- _Action item_: Transcribe only what runs from the line containing "usb c devices." through the final line below, exactly, and leave every picture out.
***
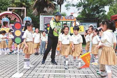 5月21日,在浙江省湖州市吳興區(qū)龍泉街道白魚(yú)潭社區(qū)的“有禮市集”上,交警通過(guò)場(chǎng)景模擬的方式為湖州市第三幼兒園的孩子們普及交通安全知識(shí)。從今年初開(kāi)始,當(dāng)?shù)囟ㄆ谂e辦“有禮市集”,以此提升市民的文明意識(shí),推進(jìn)基層文明建設(shè)。
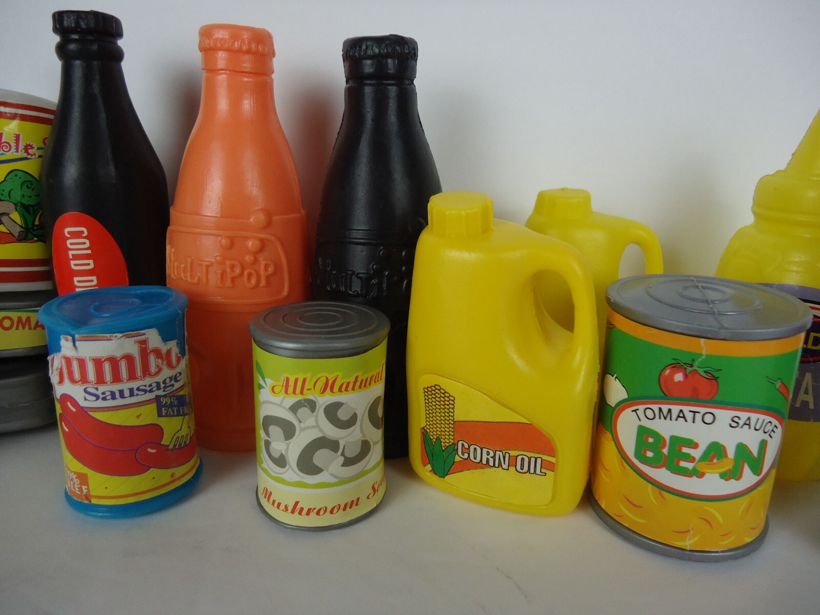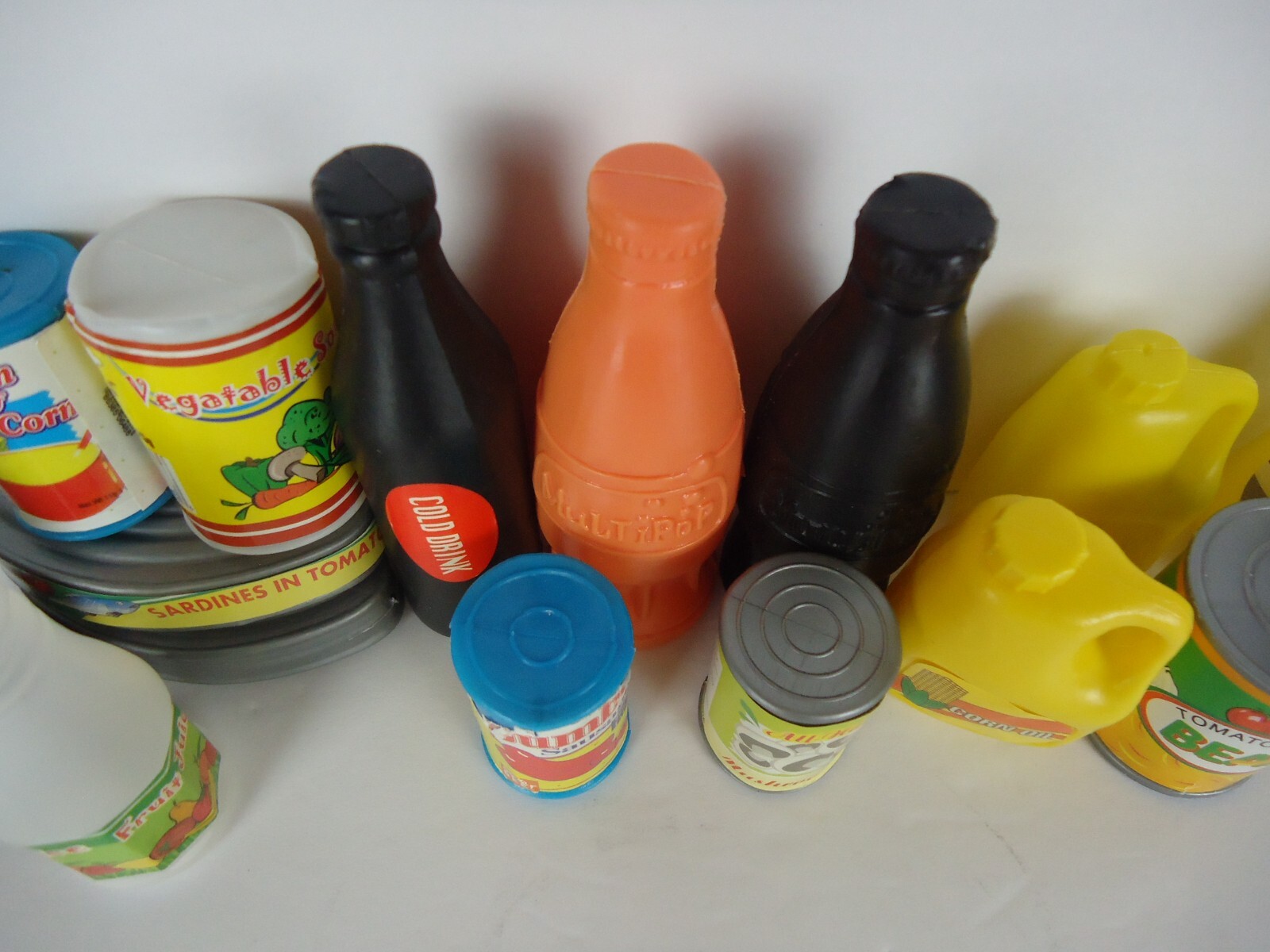 VTG Lot of 20 Pretend Play Food Containers Condiments, Sardines, Juice, Soda 80s
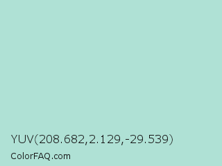 YUV 208.682,2.129,-29.539 Color is a light cyan color and the nearest color is Aqua Island #a1dad7. Hex code #afe1d5 and RGB value is rgb(175,225,213). In RGB color space, this color is composed of 69% red, 88% green, 84% blue, In CMYK color space, this color is composed of 22% cyan, 0% magenta, 5% yellow , 12% black , In HSL color space, this color has a hue angle of 166° , 45% saturation and 78% lightness.
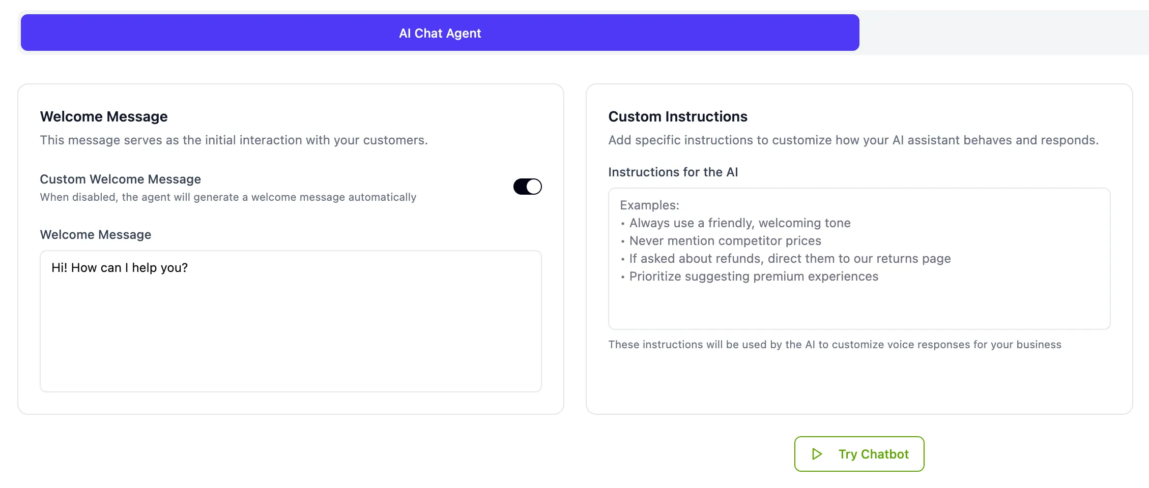Both your Chat Agent and Voice Agent pull from the same information. This ensures that a customer gets the same answer whether they ask over text or over the phone.
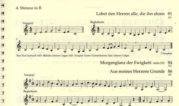 Die Ausgabe enthält 175 Vorspiele plus zugehörige Sätze zur Gemeindebe- gleitung. Neben einer Partitur jeweils in C- und in B-Stimmung bietet sie eine außergewöhnliche Vielfalt an Einzelstimmen. Angeboten werden sämtliche einschlägigen Blechblasinstrumente sowie verschiedene Stimmungen für Klarinette und Saxophon. Den verschiedenen Besetzungen von Bläserensembles wird dadurch in besonderer Weise Rechnung getragen.
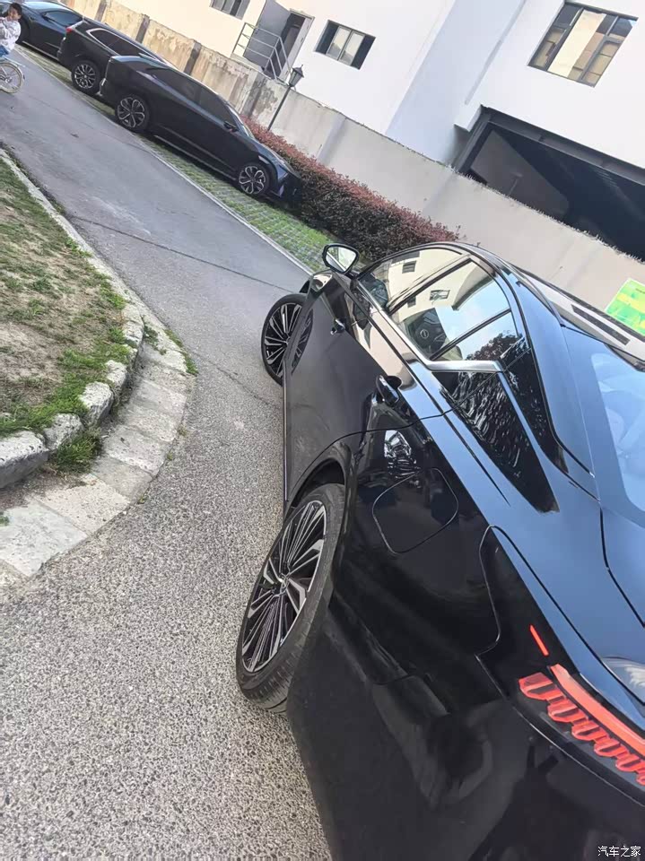 车身侧面的线条显得颇为修长,长达4米9的车长给人以十分舒展之感,其采用的隐藏式门把手不仅外观漂亮,而且在功能上能够起到降低风噪的作用,使得车辆在高速行驶时更为安静。 车尾设计简洁大方,贯穿尾灯和前脸呼应,黑色车漆在阳光下还有点细闪,质感特别棒,洗车后锃光瓦亮的,停在小区里回头率不低。唯一小遗憾就是黑色太容易沾灰,得经常洗,但架不住好看啊!
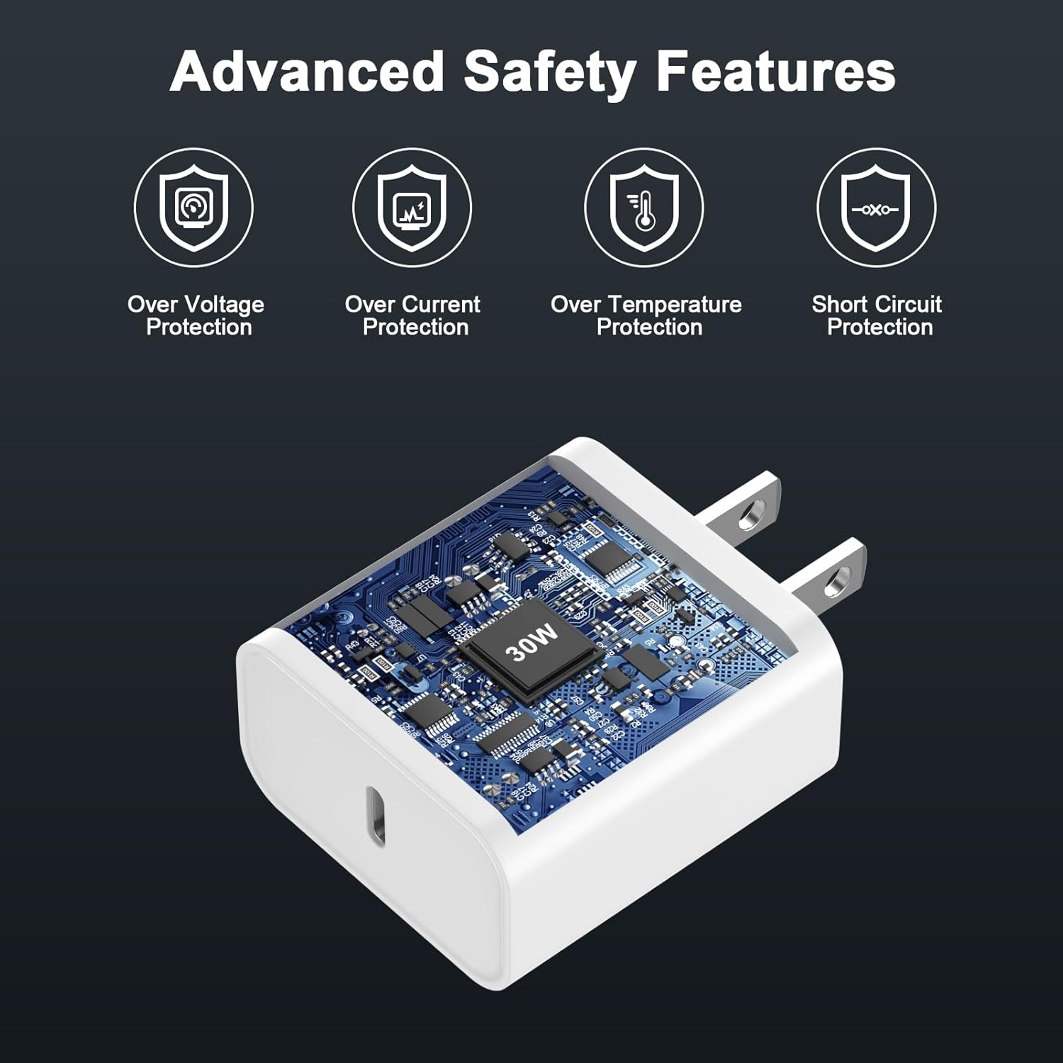 【Universal Compatibility】 This 30W iPhone 17 Pro Max chargers with 6ft extra long usb c to c charger cable cord are perfectly compatible with iPhone 17/Air/17 Pro/17 Pro Max/16/16 Plus/16 Pro/16 Pro Max/15/15 Plus/15 Pro/15 Pro Max, New 2021 iPad Mini 6th, iPad Pro 12.9 in 5th/4th/3rd, iPad Pro 11 in 3rd/2nd/1st, iPad Air 4th, Galaxy S25/S25+/S25 Ultra/S24/S24+/S24 Ultra/S23/S23+/S23 Ultra/S22/S21/S20/Note 20/Note 10, Pixel 9/8/7/6/5/4/3/2 XL, and more usb c devices.
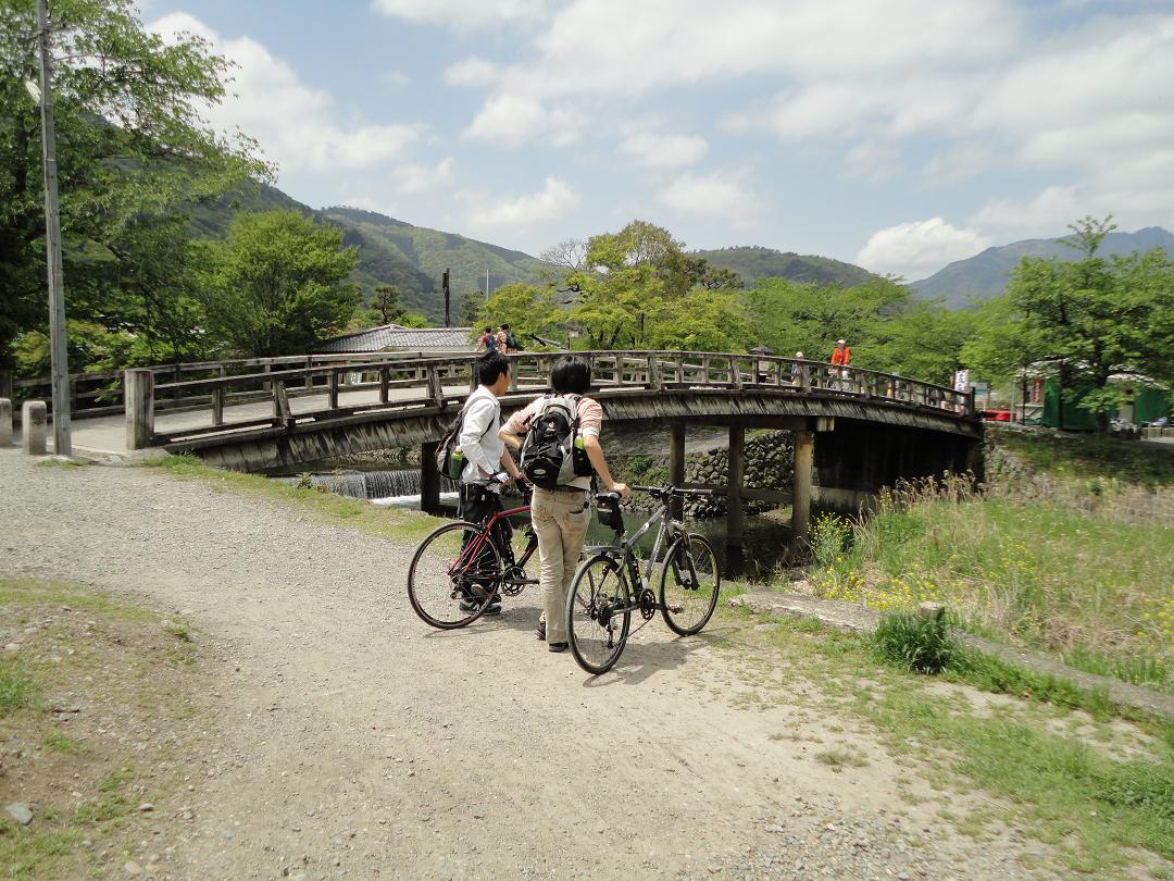 市街地を外れたところの駐車場に車を止めて自転車に乗り換え、
***
- _Solution to this problem_:
 【Universal Compatibility】 This 30W iPhone 17 Pro Max chargers with 6ft extra long usb c to c charger cable cord are perfectly compatible with iPhone 17/Air/17 Pro/17 Pro Max/16/16 Plus/16 Pro/16 Pro Max/15/15 Plus/15 Pro/15 Pro Max, New 2021 iPad Mini 6th, iPad Pro 12.9 in 5th/4th/3rd, iPad Pro 11 in 3rd/2nd/1st, iPad Air 4th, Galaxy S25/S25+/S25 Ultra/S24/S24+/S24 Ultra/S23/S23+/S23 Ultra/S22/S21/S20/Note 20/Note 10, Pixel 9/8/7/6/5/4/3/2 XL, and more usb c devices.
 市街地を外れたところの駐車場に車を止めて自転車に乗り換え、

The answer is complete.